▶ [What the task requires]: Out of the material that follows, write out exactly the lines from the line with "近日,辽宁工程技术大学体育学" to the line with "마지막으로 통상임금과 평귬임금의", both ends included, and no others.

▶ [Data to use]:
******************************

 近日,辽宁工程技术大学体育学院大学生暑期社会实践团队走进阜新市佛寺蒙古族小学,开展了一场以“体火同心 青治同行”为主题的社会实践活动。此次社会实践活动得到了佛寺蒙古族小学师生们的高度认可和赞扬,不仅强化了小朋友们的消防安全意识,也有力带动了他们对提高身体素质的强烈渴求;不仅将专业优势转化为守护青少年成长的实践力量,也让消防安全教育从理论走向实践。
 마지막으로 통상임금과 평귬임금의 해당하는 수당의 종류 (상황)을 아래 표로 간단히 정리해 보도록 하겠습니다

******************************

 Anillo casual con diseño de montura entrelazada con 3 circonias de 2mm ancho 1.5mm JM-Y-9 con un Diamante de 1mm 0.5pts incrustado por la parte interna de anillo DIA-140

******************************

▶ [Solution to this task]:
 近日,辽宁工程技术大学体育学院大学生暑期社会实践团队走进阜新市佛寺蒙古族小学,开展了一场以“体火同心 青治同行”为主题的社会实践活动。此次社会实践活动得到了佛寺蒙古族小学师生们的高度认可和赞扬,不仅强化了小朋友们的消防安全意识,也有力带动了他们对提高身体素质的强烈渴求;不仅将专业优势转化为守护青少年成长的实践力量,也让消防安全教育从理论走向实践。
 마지막으로 통상임금과 평귬임금의 해당하는 수당의 종류 (상황)을 아래 표로 간단히 정리해 보도록 하겠습니다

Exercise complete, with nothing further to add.